» **EXERCISE OBJECTIVE**: Below are records with pictures; copy word for word only the lines between the line with "- Имеет 3 выдвижных" and the line with "技嘉e廚房「FORCE之王」滑鼠票選活動9月3日開跑囉!", inclusive, and drop the pictures.

» **EXERCISE INPUT**:
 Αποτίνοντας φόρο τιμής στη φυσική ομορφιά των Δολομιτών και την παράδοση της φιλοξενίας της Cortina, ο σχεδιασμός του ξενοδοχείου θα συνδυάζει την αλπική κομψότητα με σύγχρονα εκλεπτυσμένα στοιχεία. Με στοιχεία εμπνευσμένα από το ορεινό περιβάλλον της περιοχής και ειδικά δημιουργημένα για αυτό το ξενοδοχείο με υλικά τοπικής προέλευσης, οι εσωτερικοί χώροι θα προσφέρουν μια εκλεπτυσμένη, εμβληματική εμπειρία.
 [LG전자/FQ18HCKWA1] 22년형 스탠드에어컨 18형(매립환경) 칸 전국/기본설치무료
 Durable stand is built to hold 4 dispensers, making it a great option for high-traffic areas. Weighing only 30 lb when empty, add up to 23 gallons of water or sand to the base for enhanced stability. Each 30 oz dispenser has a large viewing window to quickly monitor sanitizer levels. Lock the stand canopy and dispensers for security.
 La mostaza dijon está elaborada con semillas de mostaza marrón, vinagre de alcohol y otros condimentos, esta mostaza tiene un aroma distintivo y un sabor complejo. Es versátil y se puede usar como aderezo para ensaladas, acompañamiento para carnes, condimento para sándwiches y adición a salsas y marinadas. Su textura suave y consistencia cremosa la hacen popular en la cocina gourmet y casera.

...

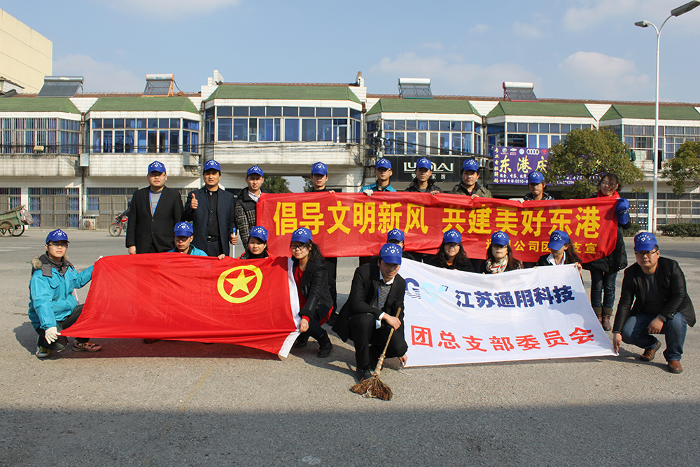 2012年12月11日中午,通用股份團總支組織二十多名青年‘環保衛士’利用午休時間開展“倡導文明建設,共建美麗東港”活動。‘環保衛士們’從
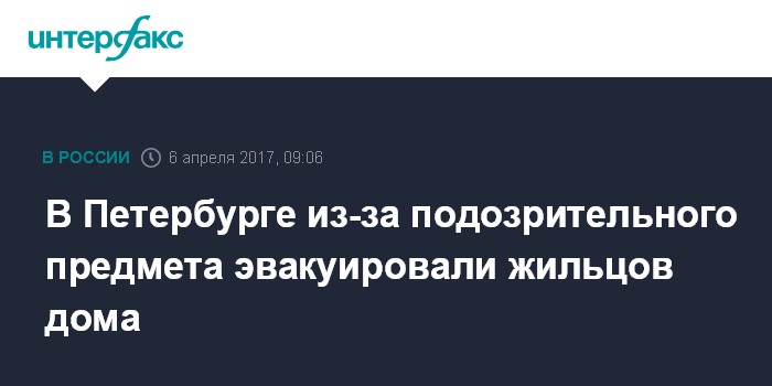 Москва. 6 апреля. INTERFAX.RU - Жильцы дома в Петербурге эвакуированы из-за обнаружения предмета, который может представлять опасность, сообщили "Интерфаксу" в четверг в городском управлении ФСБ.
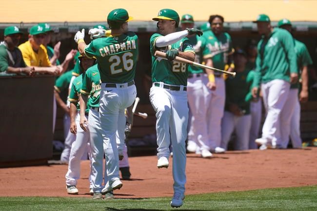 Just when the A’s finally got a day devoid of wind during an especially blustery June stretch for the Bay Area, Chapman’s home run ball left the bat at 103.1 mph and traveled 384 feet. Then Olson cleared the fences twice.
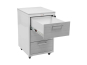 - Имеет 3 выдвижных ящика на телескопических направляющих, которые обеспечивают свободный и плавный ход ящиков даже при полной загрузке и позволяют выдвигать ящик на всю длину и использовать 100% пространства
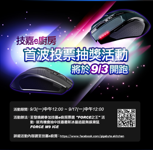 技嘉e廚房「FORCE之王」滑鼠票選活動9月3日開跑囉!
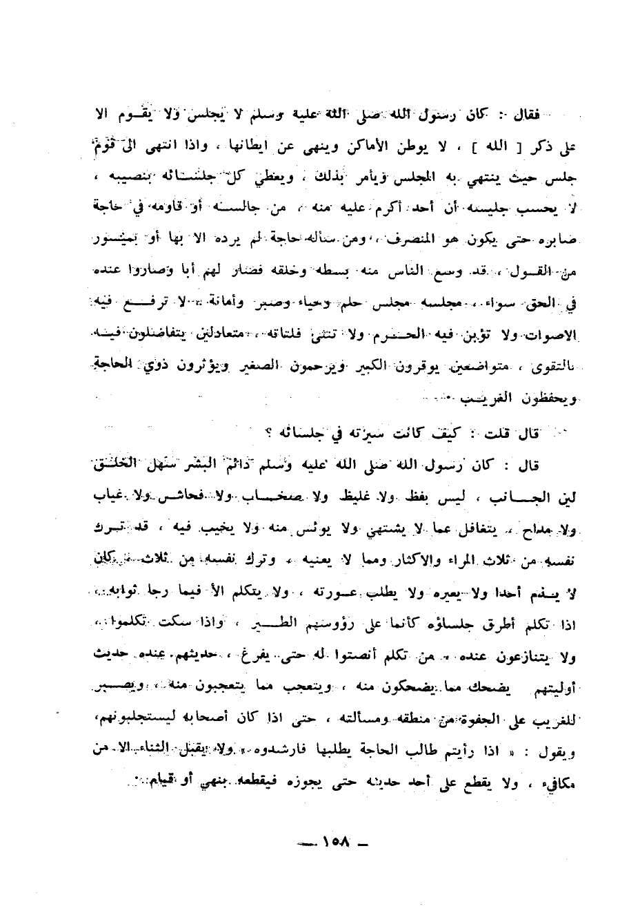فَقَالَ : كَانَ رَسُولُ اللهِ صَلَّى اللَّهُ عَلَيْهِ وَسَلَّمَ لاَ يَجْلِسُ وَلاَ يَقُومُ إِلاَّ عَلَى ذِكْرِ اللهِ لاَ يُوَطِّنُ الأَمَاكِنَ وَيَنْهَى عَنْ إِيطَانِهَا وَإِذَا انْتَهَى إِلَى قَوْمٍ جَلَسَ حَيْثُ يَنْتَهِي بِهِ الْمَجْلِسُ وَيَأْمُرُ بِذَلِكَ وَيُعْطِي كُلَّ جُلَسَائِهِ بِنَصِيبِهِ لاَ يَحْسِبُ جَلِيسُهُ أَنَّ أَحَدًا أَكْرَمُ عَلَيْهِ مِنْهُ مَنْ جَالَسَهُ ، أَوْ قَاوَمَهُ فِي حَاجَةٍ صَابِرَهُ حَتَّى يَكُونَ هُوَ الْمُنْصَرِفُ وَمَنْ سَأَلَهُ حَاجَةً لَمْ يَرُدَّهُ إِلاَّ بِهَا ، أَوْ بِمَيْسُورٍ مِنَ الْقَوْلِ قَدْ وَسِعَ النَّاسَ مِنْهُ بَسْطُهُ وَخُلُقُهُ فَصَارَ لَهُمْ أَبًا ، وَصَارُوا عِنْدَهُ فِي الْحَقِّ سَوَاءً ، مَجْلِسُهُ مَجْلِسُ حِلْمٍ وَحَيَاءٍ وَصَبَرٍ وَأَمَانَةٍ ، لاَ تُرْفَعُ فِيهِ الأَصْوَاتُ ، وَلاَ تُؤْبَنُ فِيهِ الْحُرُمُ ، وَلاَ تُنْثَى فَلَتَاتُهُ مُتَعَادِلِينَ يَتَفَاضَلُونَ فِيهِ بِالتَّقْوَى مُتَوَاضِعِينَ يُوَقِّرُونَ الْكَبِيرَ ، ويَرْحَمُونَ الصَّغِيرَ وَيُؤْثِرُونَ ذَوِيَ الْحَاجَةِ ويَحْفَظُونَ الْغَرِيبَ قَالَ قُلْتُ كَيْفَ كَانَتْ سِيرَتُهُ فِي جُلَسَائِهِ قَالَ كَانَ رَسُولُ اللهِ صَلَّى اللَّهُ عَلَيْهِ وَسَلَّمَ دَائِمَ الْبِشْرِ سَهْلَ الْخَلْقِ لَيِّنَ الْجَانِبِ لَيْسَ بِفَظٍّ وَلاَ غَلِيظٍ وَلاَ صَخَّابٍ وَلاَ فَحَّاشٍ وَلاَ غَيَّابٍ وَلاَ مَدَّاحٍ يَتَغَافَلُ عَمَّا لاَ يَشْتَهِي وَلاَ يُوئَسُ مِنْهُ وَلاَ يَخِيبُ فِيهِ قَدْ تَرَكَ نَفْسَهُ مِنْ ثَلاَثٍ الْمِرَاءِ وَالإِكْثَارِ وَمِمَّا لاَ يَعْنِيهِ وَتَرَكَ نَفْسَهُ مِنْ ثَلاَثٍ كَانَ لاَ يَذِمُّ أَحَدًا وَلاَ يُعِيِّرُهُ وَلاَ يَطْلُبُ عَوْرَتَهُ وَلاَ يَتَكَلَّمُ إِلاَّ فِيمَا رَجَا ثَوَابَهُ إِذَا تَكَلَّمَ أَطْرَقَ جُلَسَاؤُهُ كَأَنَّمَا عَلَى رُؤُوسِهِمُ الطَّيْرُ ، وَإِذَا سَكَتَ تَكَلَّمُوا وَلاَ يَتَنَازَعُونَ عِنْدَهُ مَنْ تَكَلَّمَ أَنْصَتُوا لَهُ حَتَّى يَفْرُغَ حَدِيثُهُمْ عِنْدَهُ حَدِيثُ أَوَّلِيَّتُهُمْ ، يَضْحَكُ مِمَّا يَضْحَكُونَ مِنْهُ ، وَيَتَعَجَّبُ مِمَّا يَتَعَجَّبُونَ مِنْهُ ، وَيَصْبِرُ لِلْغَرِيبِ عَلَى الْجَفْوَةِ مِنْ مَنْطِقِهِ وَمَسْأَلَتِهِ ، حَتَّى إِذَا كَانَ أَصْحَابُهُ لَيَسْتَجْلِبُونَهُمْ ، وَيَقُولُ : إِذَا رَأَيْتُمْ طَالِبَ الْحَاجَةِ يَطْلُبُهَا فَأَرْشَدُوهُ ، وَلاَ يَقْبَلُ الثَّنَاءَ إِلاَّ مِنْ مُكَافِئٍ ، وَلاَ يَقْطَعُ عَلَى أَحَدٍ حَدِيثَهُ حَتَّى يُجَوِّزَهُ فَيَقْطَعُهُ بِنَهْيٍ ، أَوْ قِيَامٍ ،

» **RESULT OF THIS TASK**:
 - Имеет 3 выдвижных ящика на телескопических направляющих, которые обеспечивают свободный и плавный ход ящиков даже при полной загрузке и позволяют выдвигать ящик на всю длину и использовать 100% пространства
 技嘉e廚房「FORCE之王」滑鼠票選活動9月3日開跑囉!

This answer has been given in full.